Starting on November 29, the Windy City trial saw ex-Iran Contra attorney Webb and law enforcement argue that Smollett had paid brothers Abimbola and Olabinjo Osundairo $3,500 nearly three years ago to rough him up in a fake homophobic and racially fueled attack for PR value — an allegation Smollett and his lawyers denied.

In closing arguments on Wednesday, Webb called the evidence of Smollett’s set-up of the hoax attack “overwhelming.” Decrying a claim of a phony hate crime demeaning real hate crimes, the special prosecutor went on to mock the inconsistencies of Smollett’s “false testimony” about the contentious matter. Pillaring Smollett for wasting police time and money on investigating the case, Webb laid out a seemingly damning timeline of the actor’s movements and behavior before, during and after the so-called attack.

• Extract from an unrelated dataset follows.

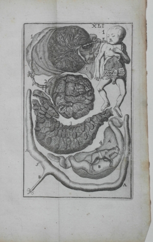 Anatomie ontleedkunde van de Mensch Medische prent Ongeboren kindUitgever:

Defense lawyer Nenye Uche in his own closing termed the prosecution’s case as “crazy” and the Osundairo brothers as as “sophisticated liars” who tried to shake down Smollett for millions and are now working in lockstep with the police and Webb’s team to evade serious gun and drug charges. He added that the “entire prosecution’s case, including the foundation of the case, is built like a house of cards.”

The jury began mulling their verdict in the early afternoon of December 8, Chicago time. Having called it a day at 5 PM CST yesterday and began again at 9:10 AM CST today, if time is any indication, they obviously had a pretty clear sense of their decision

As the initial quick and apparently politically influenced dismissal of the case came under scrutiny and outrage, new charges were laid against Smollett February 2019. The actor entered a not guilty plea a month later as the wheels of justice moved slowly through various lawsuits. Webb was appointed to the case by a federal judge in August 2019 and soon afterwards indicted the actor on new charges – which ultimately led to the verdict of today.

On the books for a while, the trial was delayed for well over a year because of the Covid-19 pandemic.